Previous disclosures from this lawsuit include:
- HHS records revealed that from 2014 to 2019, $826,277 was given to the Wuhan Institute of Virology for bat coronavirus research by the NIAID.
- NIAID records showed that it gave nine China-related grants to EcoHealth Alliance to research coronavirus emergence in bats and was the NIH’s top issuer of grants to the Wuhan lab itself. The records also included an email from the vice director of the Wuhan Lab asking an NIH official for help finding disinfectants for decontamination of airtight suits and indoor surfaces.
- HHS records included an “urgent for Dr. Fauci ” email chain, citing ties between the Wuhan lab and the taxpayer-funded EcoHealth Alliance. The government emails also reported that the foundation of U.S. billionaire Bill Gates worked closely with the Chinese government to pave the way for Chinese-produced medications to be sold outside China and help “raise China’s voice of governance by placing representatives from China on important international counsels as high level commitment from China.”
- HHS records included a grant application for research involving the coronavirus that appears to describe “gain-of-function” research involving RNA extractions from bats, experiments on viruses, attempts to develop a chimeric virus and efforts to genetically manipulate the full-length bat SARSr-CoV WIV1 strain molecular clone.
- HHS records showed the State Department and NIAID knew immediately in January 2020 that China was withholding COVID data, which was hindering risk assessment and response by public health officials.
Through FOIA, Judicial Watch has uncovered a substantial amount of information about other important COVID-19 issues:
- May 2022: University of Texas Medical Branch (UTMB) records show the former director of the Galveston National Laboratory at the University of Texas Medical Branch (UTMB), Dr. James W. Le Duc warned Chinese researchers at the Wuhan Institute of Virology of potential investigations into the COVID issue by Congress.
- May 2022: HHS records regarding biodistribution studies and related data for the COVID-19 vaccines show a key component of the vaccines developed by Pfizer/BioNTech, lipid nanoparticles (LNPs), were found outside the injection site, mainly the liver, adrenal glands, spleen and ovaries of test animals, eight to 48 hours after injection.

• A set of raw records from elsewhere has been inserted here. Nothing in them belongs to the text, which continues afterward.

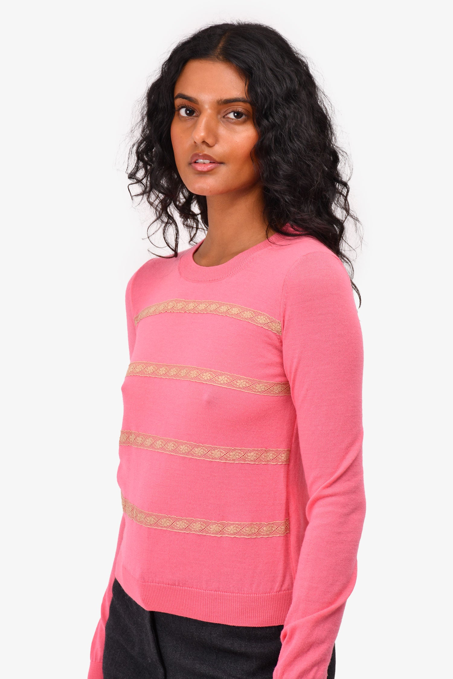 Refresh availabilityRed Valentino Pink Wool Lace Detailed Sweater. Ribbed collar, cuffs, and waistband. Tonal stitching.
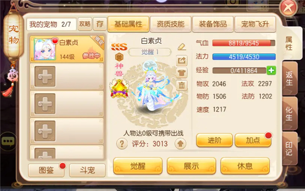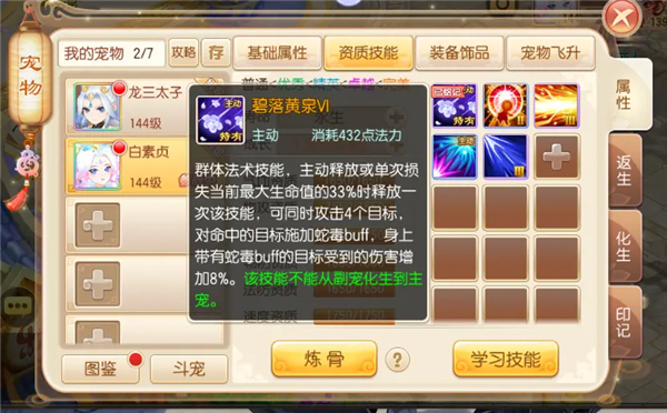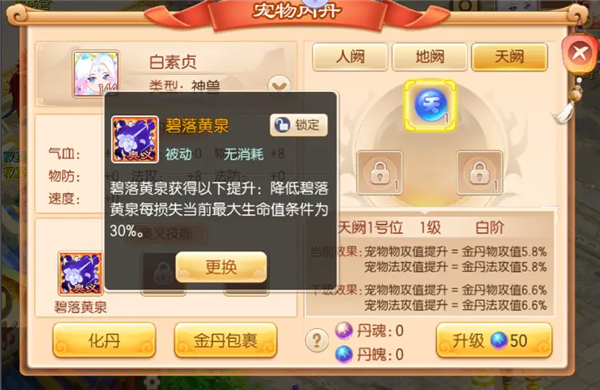 在神兽进阶之后,技能的伤害系数将会得到提升,增伤比例也会提升,技能攻击目标数量还会得到增加。「碧落黄泉」技能奥义:降低碧落黄泉每损失当前最大生命值条件为30%。
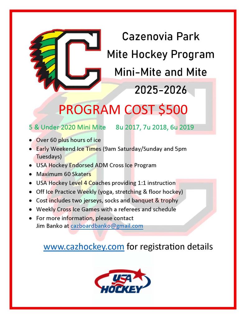 The Cazenovia Park Hockey Association is excited to announce registration for the 2025–2026 Mini-Mite and Mite Hockey Program. Open to players born in 2017, 2018, 2019, and younger (8U, 7U, 6U, and 5U Mini-Mites), the program provides young skaters with an outstanding opportunity to learn and grow in a fun, supportive environment.
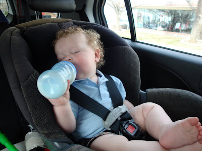 The house is coming along. Everything is done except the kitchen and one bathroom. We're hoping to move April 4th as long as we get most of the kitchen done. Kaleb and Ashton have been really good the last couple of months letting us drag them around trying to get the house ready. I think they've been to Lowes 20 times in the last couple of months. But they do love playing swords with the paint sticks there. Ashton fell asleep drinking his milk in the car Saturday.
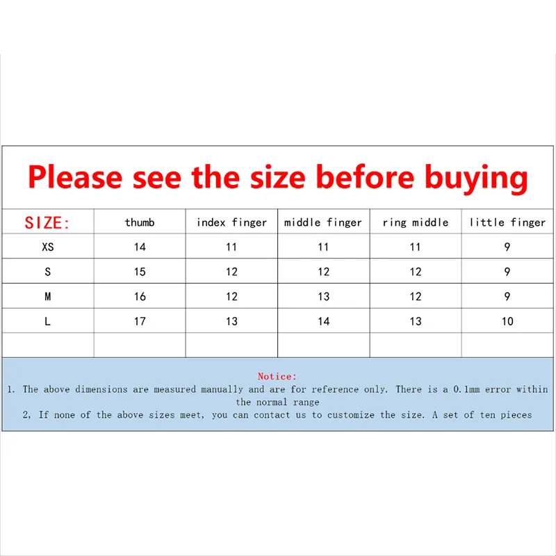 ・10 pcs *handmade fake Press on nails (Nail size selection: Generally select XS size for small nails,S size and M size for normal fingers, and L size for large nails. If you want a standard point, please measure it according to the method we provide. Size should not be small,for example: the measurement is 11.5mm then choose 12mm )
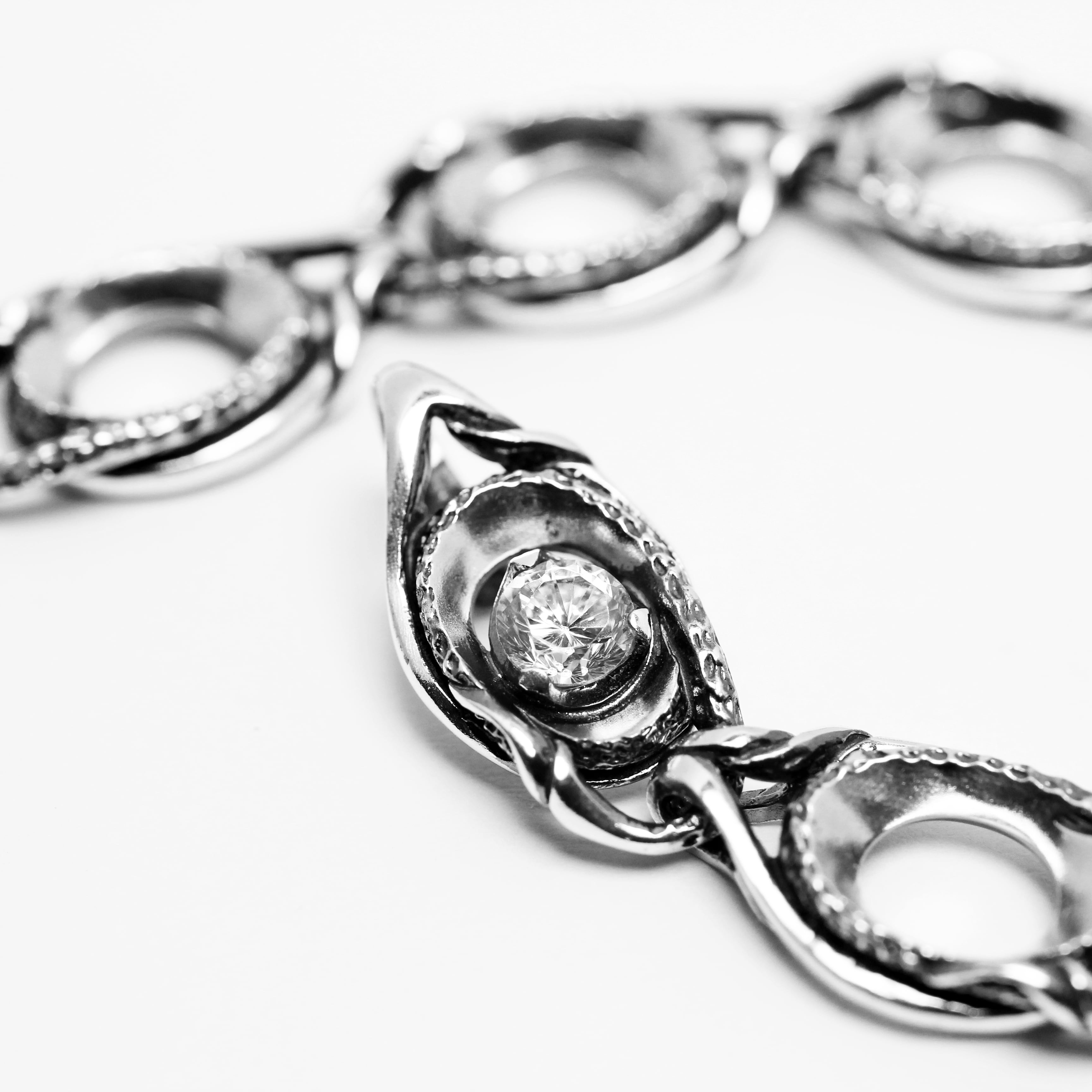 オーバル型のパーツを流れるようにつなぎ合わせたブレスレット。
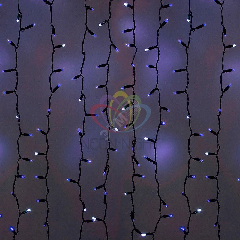 Гирлянда профессиональная Светодиодный Дождь 2х3м эффект мерцания черный провод 220В синий
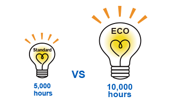 Tuổi thọ của đèn (H) 5000H (Bình thường) / 10000H (ECO)

- April 2022: Records from the Federal Select Agent Program (FSAP) reveal safety lapses and violations at U.S. biosafety laboratories that conduct research on dangerous agents and toxins.
- March 2022: HHS records include emails between National Institutes of Health (NIH) then-Director Francis Collins and Anthony Fauci, the director of National Institute of Allergy and Infectious Diseases (NIAID), about hydroxychloroquine and COVID-19.
- March 2021: HHS records show that NIH officials tailored confidentiality forms to China’s terms and that the World Health Organization (WHO) conducted an unreleased, “strictly confidential” COVID-19 epidemiological analysis in January 2020.
- October 2020: Fauci emails include his approval of a press release supportive of China’s response to the 2019 novel coronavirus.
- An October 2021 lawsuit uncovered that over a 10-year period, Fauci and others at NIH received more link to than $350 million in secretive “royalty” payments from drug companies and other third parties.